• **What you will do**
Everything in the listing below except the pictures should be reproduced exactly.

• **Provided material**
--

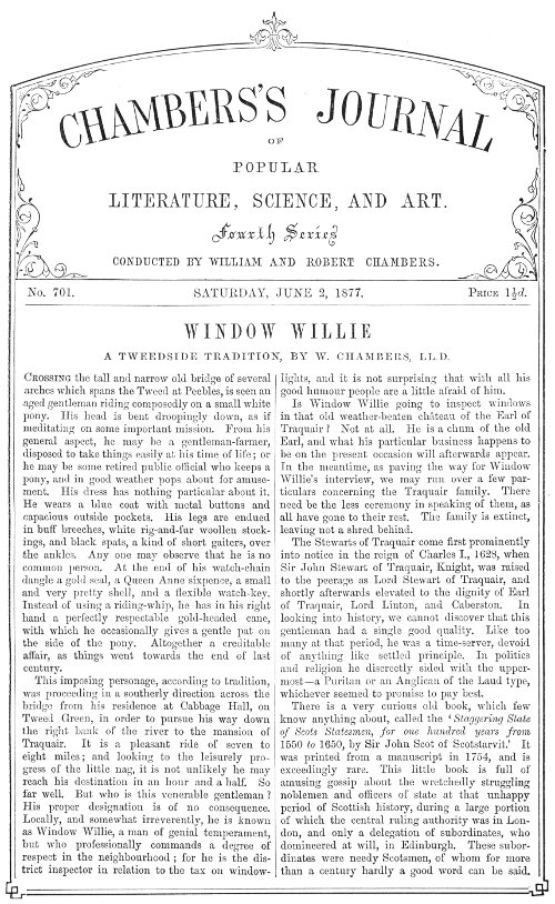 This imposing personage, according to tradition, was proceeding in a southerly direction across the bridge from his residence at Cabbage Hall, on Tweed Green, in order to pursue his way down the right bank of the river to the mansion of Traquair. It is a pleasant ride of seven to eight miles; and looking to the leisurely progress of the little nag, it is not unlikely he may reach his destination in an hour and a half. So far well. But who is this venerable gentleman? His proper designation is of no consequence. Locally, and somewhat irreverently, he is known as Window Willie, a man of genial temperament, but who professionally commands a degree of respect in the neighbourhood; for he is the district inspector in relation to the tax on window-lights, and it is not surprising that with all his good humour people are a little afraid of him.
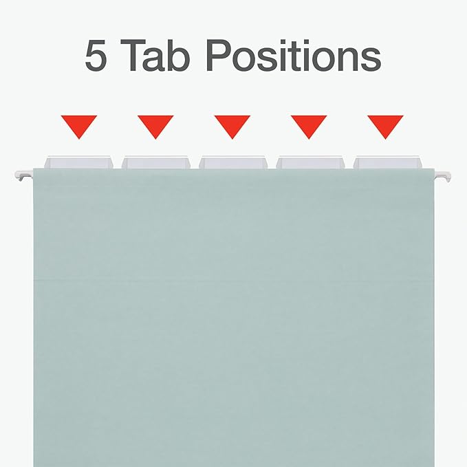 • Letter size hanging folders have smaller 1/5-cut tabs in assorted positions; stagger or place them all down the center to quickly identify your files
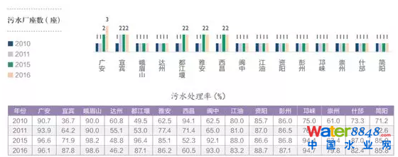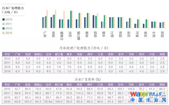 四川76%城市污水處理率高于省平均值(84.4%)。其中什邡、康定、達州、江油等市污水處理率較低,而負荷率分別130.3%、93.4%、92.9%、90.6%。

--

• **Response**
 This imposing personage, according to tradition, was proceeding in a southerly direction across the bridge from his residence at Cabbage Hall, on Tweed Green, in order to pursue his way down the right bank of the river to the mansion of Traquair. It is a pleasant ride of seven to eight miles; and looking to the leisurely progress of the little nag, it is not unlikely he may reach his destination in an hour and a half. So far well. But who is this venerable gentleman? His proper designation is of no consequence. Locally, and somewhat irreverently, he is known as Window Willie, a man of genial temperament, but who professionally commands a degree of respect in the neighbourhood; for he is the district inspector in relation to the tax on window-lights, and it is not surprising that with all his good humour people are a little afraid of him.
 • Letter size hanging folders have smaller 1/5-cut tabs in assorted positions; stagger or place them all down the center to quickly identify your files
 四川76%城市污水處理率高于省平均值(84.4%)。其中什邡、康定、達州、江油等市污水處理率較低,而負荷率分別130.3%、93.4%、92.9%、90.6%。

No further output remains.